▶ INFORMATION SHOWN:
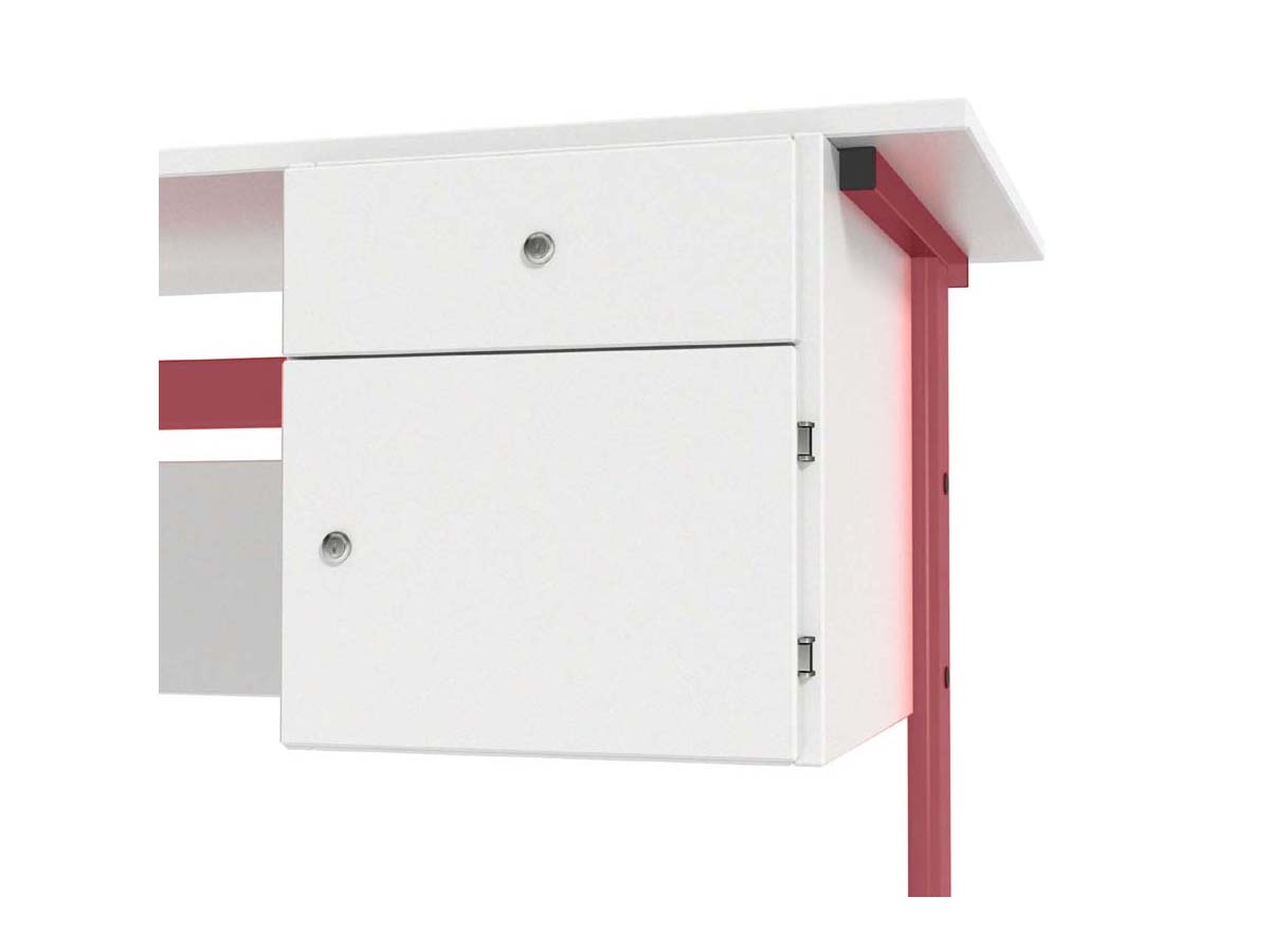 Unterbau rechts, 1 Schub mit Blende außen, darunter 1 Fach, beide abschließbar
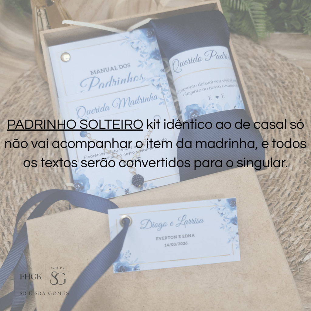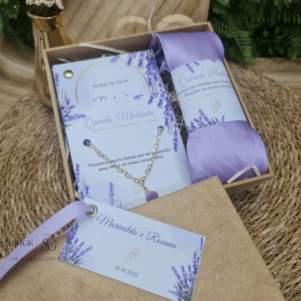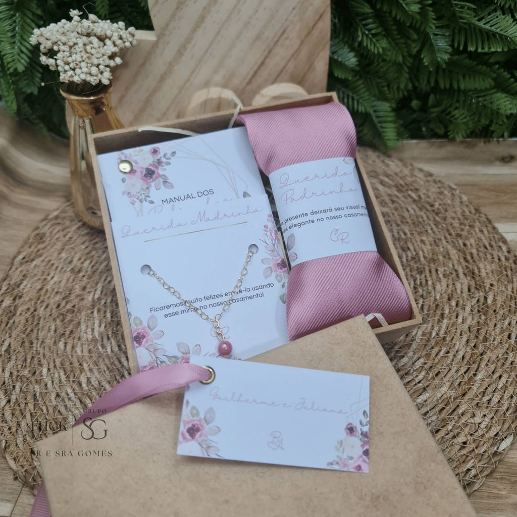 Caixa Padrinhos Completa Personalizada Gravata + Pulseira + Manual+ Caixa MDF
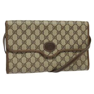 GUCCI GG Supreme Shoulder Bag PVC Beige Gold
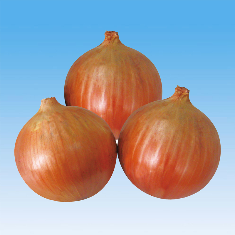 长日照杂交黄皮洋葱品种,中早熟,植株长势旺盛,球形漂亮、近圆形。叶鞘紧实,收口好,硬度高,单球重420g左右。收获后呈铜黄色,色泽光亮,商品性优,耐储藏。

▶ WHAT YOU ARE ASKED TO DO:
Set the material down exactly, images excluded.

▶ THE COMPLETED TASK:
 Unterbau rechts, 1 Schub mit Blende außen, darunter 1 Fach, beide abschließbar
 Caixa Padrinhos Completa Personalizada Gravata + Pulseira + Manual+ Caixa MDF
 GUCCI GG Supreme Shoulder Bag PVC Beige Gold
 长日照杂交黄皮洋葱品种,中早熟,植株长势旺盛,球形漂亮、近圆形。叶鞘紧实,收口好,硬度高,单球重420g左右。收获后呈铜黄色,色泽光亮,商品性优,耐储藏。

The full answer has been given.